Magazines understand the value of mailing something to a SUBSCRIBER cheaper than paying an illegal immigrant $100.00 per day to deliver. They also understand the concept of creating offers and pricing folks WANT to OPT-IN TO.  I never understood why yellow pages companies list things A-Z or why they create a separate category for COUPONS. Shouldn’t COUPONS be with the ADS? I mean, you don’t have the same room as you do with a website. Seriously….

GET A CLUE! Keep drinking the Kool-Aid. I would love to have a debate with Scott Klein, Bill Brewer, Sherry Taylor or the other folks that I “worked for” at Idearc/SuperMedia, obviously they don’t have a clue what clients and consumers think, nor do any of them care.

I am sure you can afford to buy a clue. Considering that they all can afford to go on corporate incentive trips.

Just a suggestion, there are many folks that know how to fix the problem vs putting lipstick on a pig and hoping to sell before the bacon is spoiled! You don’t need to buy a clue to understand this. Expecting to fix a broken company with people that continue to see everything the same way is essentially the definition of insanity, “doing the same thing and expecting a different result.”
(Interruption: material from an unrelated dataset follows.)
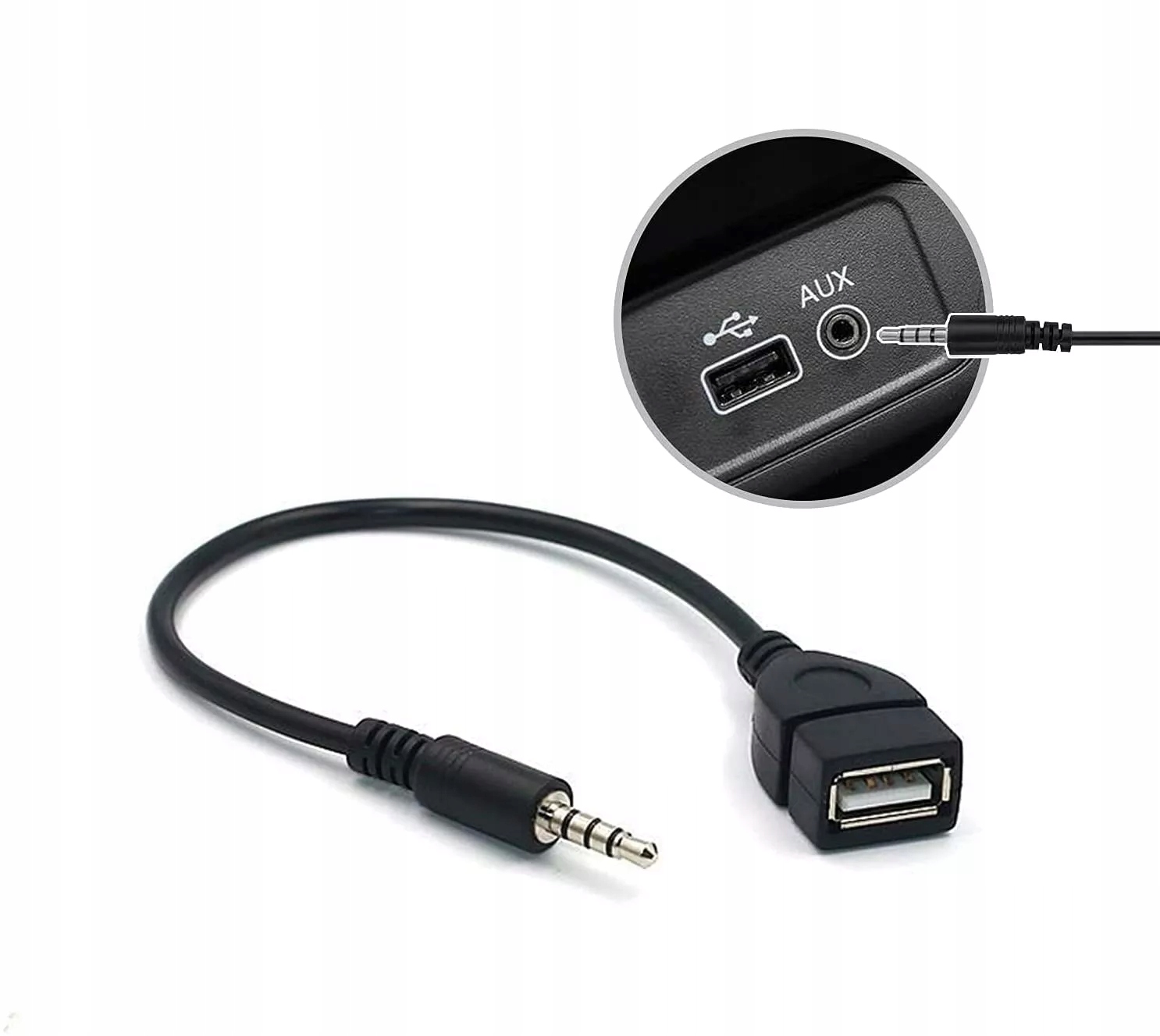 Адаптер Mini Jack – USB – дозволяє надсилати цифровий сигнал на пристрій, який підтримує цей тип адаптера (наприклад, деякі автомобільні радіоприймачі). Адаптер передає сигнал один до одного між 4-контактним роз'ємом USB і 4-контактним роз'ємом mini jack. Адаптер дуже маленький і зручний. Він виготовлений із дуже міцного ABS-пластику, що забезпечує довговічність.

Oh, and hey….. “10 Brownie Points” to the first person that can remind me “How many people research online prior to making a purchase?”
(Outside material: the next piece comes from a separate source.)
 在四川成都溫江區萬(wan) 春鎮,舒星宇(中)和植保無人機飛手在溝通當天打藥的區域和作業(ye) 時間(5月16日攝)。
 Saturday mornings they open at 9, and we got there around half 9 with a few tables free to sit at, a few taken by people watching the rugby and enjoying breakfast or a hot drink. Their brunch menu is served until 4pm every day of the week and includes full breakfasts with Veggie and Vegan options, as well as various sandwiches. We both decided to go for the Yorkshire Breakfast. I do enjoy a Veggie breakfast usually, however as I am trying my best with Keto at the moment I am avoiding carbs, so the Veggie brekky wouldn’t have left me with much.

Fake Yellow Pages Ads Hurt Your Business

December 8, 2009

Recently I called a few paving companies in Dallas to inform them of the new ad in the front of the book. I wanted to see if they were aware of what had taken place. I was shocked to find that a large percentage of the numbers in the Paving Contractors heading for new ads either do not work, are not real businesses, or they state wrong number when you call. Is this due to sales fraud at Idearc (which was obvious while I was with the company) or is this just a representation of all the errors in the phone book? Take a moment and make a few calls and find out for yourself.

This practice, from both the sales and advertiser perspective, hurts the perception of the value of the yellow pages as a resource, but advertisers that do not pay for advertising also takes phone calls from local paying clients. The industry needs to look at a method of monetizing all calls as well as reducing the fraud and abuse of “sales reps” vs real media and advertising consultants. I recall while at Idearc in Texas a few Hispanic reps explained a process of working with “day workers” and pre-paid cell phones to place ads under headings that did not have credit restrictions and these individuals basically offered the day workers help in creating a new company with $850.00 per month worth of advertising in the Greater Dallas directory.

Not the direction the industry needs to be heading. With so many issues to deal with, sales fraud and advertisers cheating the company by taking calls from other paying clients is not what they need to succeed.